In this data-heavy “Age of Information” in which we live, agencies like the Arizona Department of Water Resources constantly struggle with how to make information we collect more easily available to the public.

And, at the same time, we work to assure the accuracy of our datasets and to present them in a meaningful and useful way.

 

Long-term storage credits

 

The Department collects tons of data. Data about water stored behind dams. And on water flowing between dams, like Glen Canyon and Hoover dams on the Colorado River.

We collect information about wells. About how water is used by cities, farms, golf courses and myriad other uses.

We collect reams of data on the amounts of water stored in aquifers underground – water that is both naturally and artificially recharged into those aquifers.

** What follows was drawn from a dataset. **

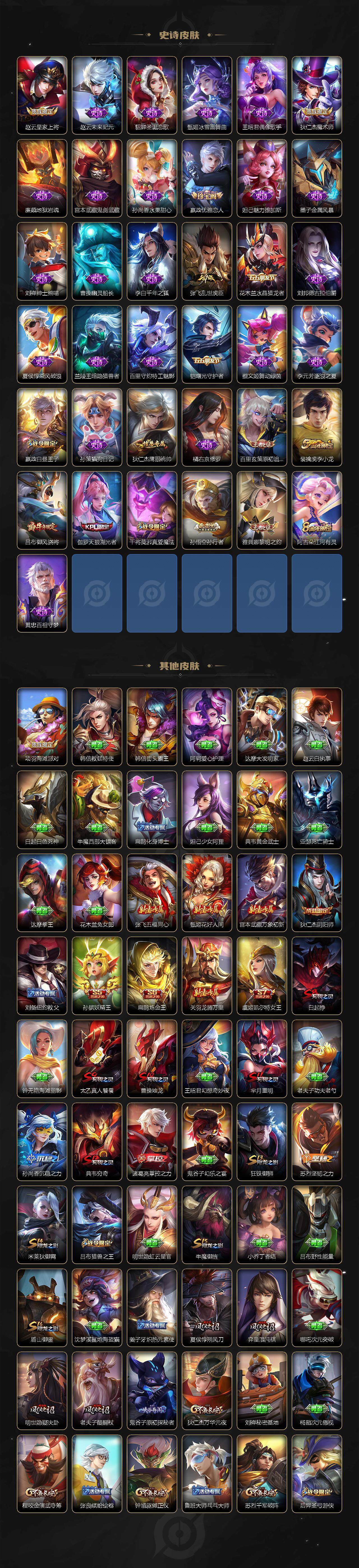 【史诗皮肤】:赵云皇家上将,赵云未来纪元,貂蝉圣诞恋歌,甄姬冰雪圆舞曲,王昭君偶像歌手,狄仁杰魔术师,廉颇地狱岩魂,宫本武藏鬼剑武藏,孙尚香水果甜心,嬴政优雅恋人,妲己魅力维加斯,墨子金属风暴,刘禅绅士熊喵,曹操幽灵船长,李白千年之狐,张飞乱世虎臣,花木兰水晶猎龙者,刘邦德古拉伯爵,夏侯惇乘风破浪,兰陵王暗隐猎兽者,百里守约特工魅影,铠曙光守护者,蔡文姬舞动绿茵,李元芳逐浪之夏,嬴政白昼王子,孙策猫狗日记,狄仁杰鹰眼统帅,橘右京修罗,百里玄策原初追逐者,裴擒虎李小龙,吕布御风骁将,伽罗天狼溯光者,干将莫邪真爱魔法,孙悟空孙行者,雅典娜黎明之约,阿古
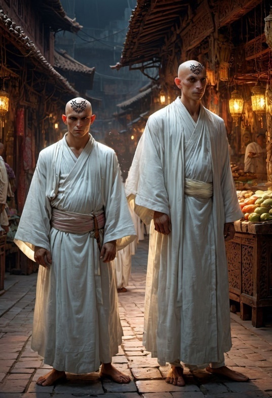 А, конечно. После взрыва, разнёсшего окна на пару кварталов вокруг, должны были явиться стражи порядка. Перед ломбардом и зелёной лавкой стояли двое босых монахов в белых робах с замысловатыми татуировками на лбах. Хм, у них на лицах пропечатан орнамент в виде хохочущей морды Обу-Хурая? А у владыки неплохо с юмором и самокритикой.

How does the Department make that data useful to the public? One increasingly useful tool is known as “Power BI,” a business analytics service produced by Microsoft. As described by Microsoft, the service provides “interactive visualizations and business intelligence capabilities with an interface simple enough for end users to create their own reports and dashboards.”

The Department of Water Resources is making increasing use of Power BI. Its most recent application can be found on the Department’s Underground Water Storage, Savings and Replenishment webpage (click on “read more” ), where an interactive Power BI program is used to illustrate how Arizona accumulated 11 million acre-feet of long-term underground water-storage credits, as of 2016.

This straightforward, click-able tool for analyzing underground storage over the years actually represents 12 years of effort.

 

The initiative to provide the “Active Management Area Recharge and Demand and Supply Dataset” to the public in an interactive tool began in 2008, not long after staff was tasked with compiling that dataset annually for various planning efforts in the State’s five Active Management Areas, or AMAs.

 

Water use in the AMAs

 

Originally, the datasets were developed as water-budget tools in Excel spreadsheets separated according to which of those five AMAs the water was stored in.

 

It quickly became apparent to ADWR staff, however, that to make all the data about these millions of acre-feet of stored water valuable to the public, the data needed to be stored in a single “container.”

That allowed users to find answers to more general questions. Like: “How much CAP was used by each of the sectors in all the AMAs in the last three years?” Or, “What was the total amount of reclaimed water used, or surface water?”

The sort of questions that the public may wish to have answered, in other words.

 

The combination of a substantial amount of accurate data combined with a power mechanism like Power BI for presenting it is making complex and dense datasets of information more accessible, transparent, and accurate than ever. And, as a result, more valuable to the general public.

And, for that reason, the Department of Water Resources is committed to making more and better uses for it.